Estimula as atitudes próprias de cada aluno, para que com seu valor individual, cada aluno 
seja um membro útil da sociedade. Busca preparar uma humanidade fraternal, sem distinção de 
sexos. A escola aceitava crianças a partir de cinco anos. No Programa da Escola Moderna, havia 
a proposta para abrir aos domingos, no intuito de oferecer aulas de história geral, ciências, artes e 
discutir as lutas pelo progresso. Essas aulas poderiam ser freqüentadas pelas famílias dos alunos. 
A escola estava instalada com boas condições de higiene e os alunos teriam inspeção médica ao 
ingressar na escola para evitar propagação de enfermidades contagiosas. 
 Para conduzir a escola foi constituída uma Junta Consultiva e o primeiro número do 
Boletim da Escola Moderna foi publicado em 30 de outubro de 1901, onde havia os termos gerais 
dos fundamentos da Escola Moderna. Ferrer y Guardia considerava a ciência é um patrimônio de 
todos. 
 
Outro aspecto fundamental de sua proposta educacional era a coeducação de meninos e 
meninas. Mas como a questão da coeducação não era acatada na Espanha, Ferrer y Guardia não 
alardeou seus propósitos na proposta de sua escola, quando uma pessoa vinha matricular um 
menino, ele perguntava se tinha uma menina em casa, incentivando a matriculá-la. Foi, assim, 
que na sua escola foi matriculada uma quantidade significativa de meninos e meninas. 
 
Ferrer y Guardia considerou importante a convivência de meninos e meninas, porque a 
natureza, a história e a filosofia ensinam que a mulher e o homem são seres humanos iguais. O 
ensino misto está presente em todos os povos cultos, por isso as crianças de ambos os sexos 
devem ter uma educação idêntica; uma educação que desenvolva a inteligência, purifique o 
coração e tempere suas vontades. Homens e mulheres se complementam. A mulher é a 
companheira do homem. Questiona a hipocrisia da igreja em relação ao papel do homem e da 
mulher. Considera que na cultura patriarcal a mulher não tem autonomia, está sob o domínio do 
homem. 
 Outro aspecto que destacamos como princípio da pedagogia racional libertária é a 
coeducação das classes sociais. Assim como pensa a coeducação dos sexos, Guardia concebe 
também a coeducação das classes sociais. Acreditava que uma escola somente para meninos 
pobres não é uma escola racional, porque nessa escola corre-se o risco de cultivar o ódio. Porque 
se não lhes ensinasse a submissão e a credulidade, deveríamos lhes ensinar a rebeldia, o que 
acirraria o ódio. Esse é um dilema, porque não há um meio termo para uma escola de deserdados. 
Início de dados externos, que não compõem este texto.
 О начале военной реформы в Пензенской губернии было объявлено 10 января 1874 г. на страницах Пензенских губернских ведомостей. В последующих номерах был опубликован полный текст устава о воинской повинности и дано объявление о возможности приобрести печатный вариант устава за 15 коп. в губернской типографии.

Este é um tema delicado. A Declaração revolucionária diz: “os homens nascem e permanecem 
livres e iguais em direitos”, assim não pode haver diferenças sociais, se elas existem, ou seja, uns 
dominam os outros, então é racional e natural a rebeldia. “Os explorados têm que ser rebeldes, 
porque têm que reclamar os seus direitos até atingir sua completa e perfeita participação no 
patrimônio universal” (Guardia, s/d, p.35). 
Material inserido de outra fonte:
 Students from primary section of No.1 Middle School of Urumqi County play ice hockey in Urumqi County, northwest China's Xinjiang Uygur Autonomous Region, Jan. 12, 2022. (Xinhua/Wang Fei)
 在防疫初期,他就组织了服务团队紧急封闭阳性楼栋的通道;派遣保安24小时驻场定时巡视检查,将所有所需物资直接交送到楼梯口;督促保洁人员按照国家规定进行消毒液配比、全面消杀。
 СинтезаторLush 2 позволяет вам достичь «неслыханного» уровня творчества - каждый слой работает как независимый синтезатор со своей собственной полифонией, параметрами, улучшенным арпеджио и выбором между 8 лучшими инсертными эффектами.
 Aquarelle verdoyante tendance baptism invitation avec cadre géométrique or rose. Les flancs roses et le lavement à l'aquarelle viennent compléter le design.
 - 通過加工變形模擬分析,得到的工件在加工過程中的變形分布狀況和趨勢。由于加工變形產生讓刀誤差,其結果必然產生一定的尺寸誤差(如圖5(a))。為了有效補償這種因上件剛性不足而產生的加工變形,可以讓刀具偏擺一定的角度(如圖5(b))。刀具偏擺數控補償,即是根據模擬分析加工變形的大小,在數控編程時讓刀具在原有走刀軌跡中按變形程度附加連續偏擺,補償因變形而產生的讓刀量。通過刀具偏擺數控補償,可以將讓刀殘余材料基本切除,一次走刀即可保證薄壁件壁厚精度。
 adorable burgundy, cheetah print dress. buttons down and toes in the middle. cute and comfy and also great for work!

 De acordo com Ferrer y Guardia, uma escola para meninos ricos não seria racional, 
porque cultivaria o privilégio. “A coeducação de pobres e ricos, que põe em contato uns com os 
outros na inocente igualdade da infância, por meio da sistemática da igualdade da escola racional, 
essa é a escola, boa, necessária e reparadora” (Guardia, s/d, p.36). Assim, Ferrer y Guardia 
buscava instaurar um novo tipo de ambiente escolar que trabalhasse com a diferença e a 
heterogeneidade. 
Podemos perceber que os princípios racional e libertário no pensamento pedagógico 
anarquista buscam instaurar uma nova mentalidade no processo educacional, incorporando as 
discussões epistemológicas do século XIX, mas incorporando a luta contra a desigualdade e pela 
emancipação do homem, uma educação que dentro de seus limites buscava a transformação. 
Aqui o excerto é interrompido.